Non una riga di programma in 10 anni, ma il service è veramente un salto assurdo,troppo fermo, io ho voglia di fare.

io mi vedo a scrivere programmi, credo di poterlo fare ma mi manca una possibilità, io penso a un azienda che sfrutti le mie abilità elettriche e mi formi sulla parte plc ma ripeto in 10 anni zero e passare al service lo vedo un passo indietro.

 

Non mi sono tirato indietro e voglio imparare e sono molto disponibile ma ero un buon elettricista e volevo crescere ancora perché appunto sento di poter fare e dare di più.

Inserita:

A 33 anni sei vecchio per sperare che ti assumano senza esperienza di programmazione facendoti fare dei corsi. Per quello prendono un 18enne uscito da un professionale o un 23enne neolaureato. L'unica strada che hai è fare dei corsi o l'autodidattica o entrambi. Studi 3 ore tutte le sere e 5 ore nei weekend per 6/7 mesi e ti dai una infarinatura. Ti compri un plc, assembli un banchetto di prova e ti fai dell'esperienza. Se viaggi per lavoro magari avrai le sere libere in hotel, usi pure quelle.

Poi ti vendi più facilmente..

Molti di quelli che frequentano questo forum, penso, abbiano fatto così. Nessuno è nato "imparato".

Certo se hai famiglia diventa tutto più difficile e potresti metterci il doppio del tempo.

 

 

 

Livio Orsini
Inserita: (modificato)
7 ore fa, drn5 ha scritto:

Ti compri un plc, assembli un banchetto di prova e ti fai dell'esperienza

 

Quando avevo quasi la tua età, ero un progettista di circuiti analogici e digitali. In quegli anni (1975) entravano in uso i microprocessori. Progettazione circuitale abbastanza semplice e il grosso della progettazione dell'apparecchio era Software.

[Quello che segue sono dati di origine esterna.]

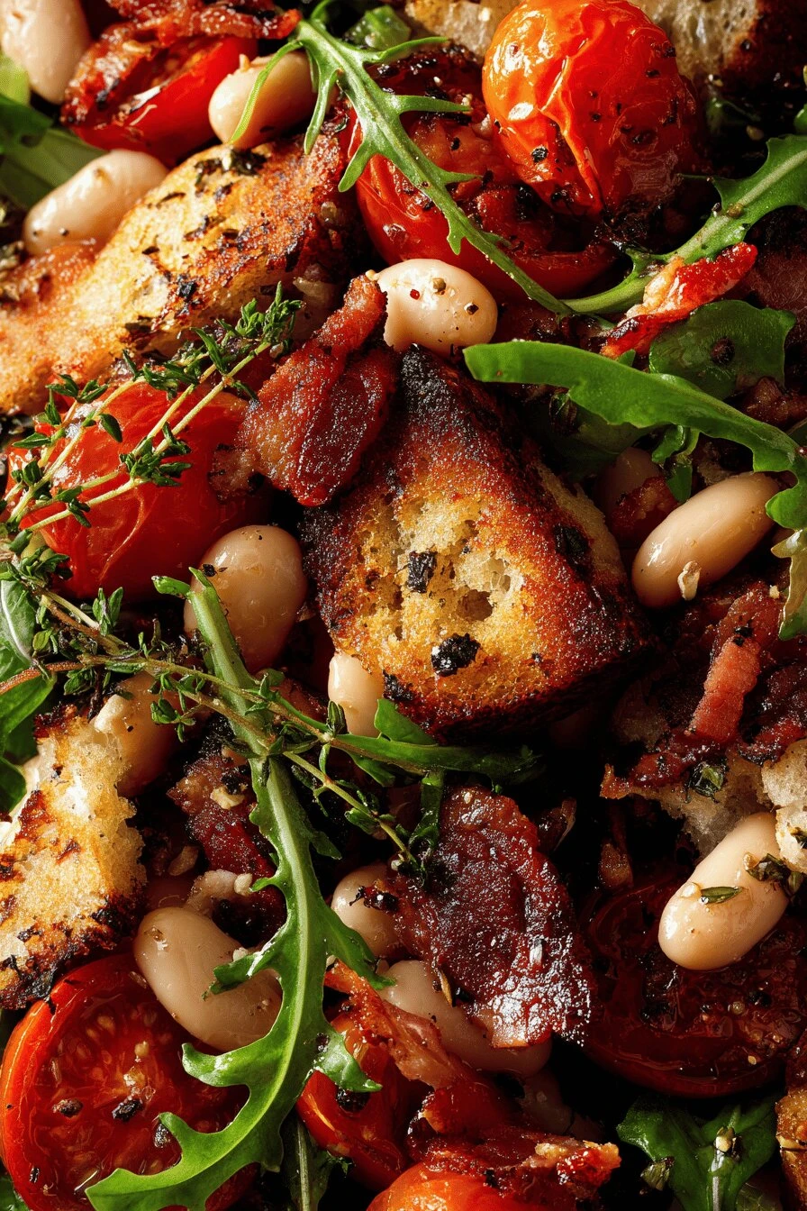 Can you make this panzanella without bacon? Yeah. Skip it. It’s still good. It’s a different salad but the bread and tomatoes and white beans are doing enough work. Try adding an extra tablespoon of olive oil to make up for the fat.

Un po' di conoscensza software ce l'avevo, anche perchè seralmen te freqeuntavo un corso di laurea in fisica ad indirizzo elettronico-informatico all'università. Ma le conoscenze di programmazione erano circoscritte al FORTRAN, per i grandi elabortari, ed al linguaggio basilare della P101 Olivetti, che avevo usato nella mia permanenza in questa azienda.

 

Mi comprai una scheda di sviluppo per un microprocessore e cercai di imparare la programmazione dei micro processori in assembler, anzi in liguaggio macchina perchè con quegli attrezzi rudimentali dovevi scrivere direttamente nella RAM.

Dopo qualche mese dominavo abbastanza bene il micro, o così credevo. Quindi mi vendetti ad un'azienda, anzi ad una delle maggiori aziende elettromeccaniche nazionali.

All'inizio ebbi qualche difficoltà nel maneggiare il sistema di sviluppo Intel ma, studiando anche nel tempo libero, supoerai le difficoltà in breve tempo.

 

Il vero problema del nostro lavoro è che non puoi mai smettere di studiare.

Anche oggi, dove fra qualche mese festeggerò, a Dio piacendo, il mio 82 compleanno e dove la professione è  tornata ad essere pura passione, continuo a studiare. Certamente con un ritmo moltom più blando e solo per il mio piacere, ma questo è un mestiere che non ti permette mai di dormire sulle conoscenze acquisite.

Pensaci bene.

 

 

PS Ho spostato la discussione nella sezione più adatta all'argomento.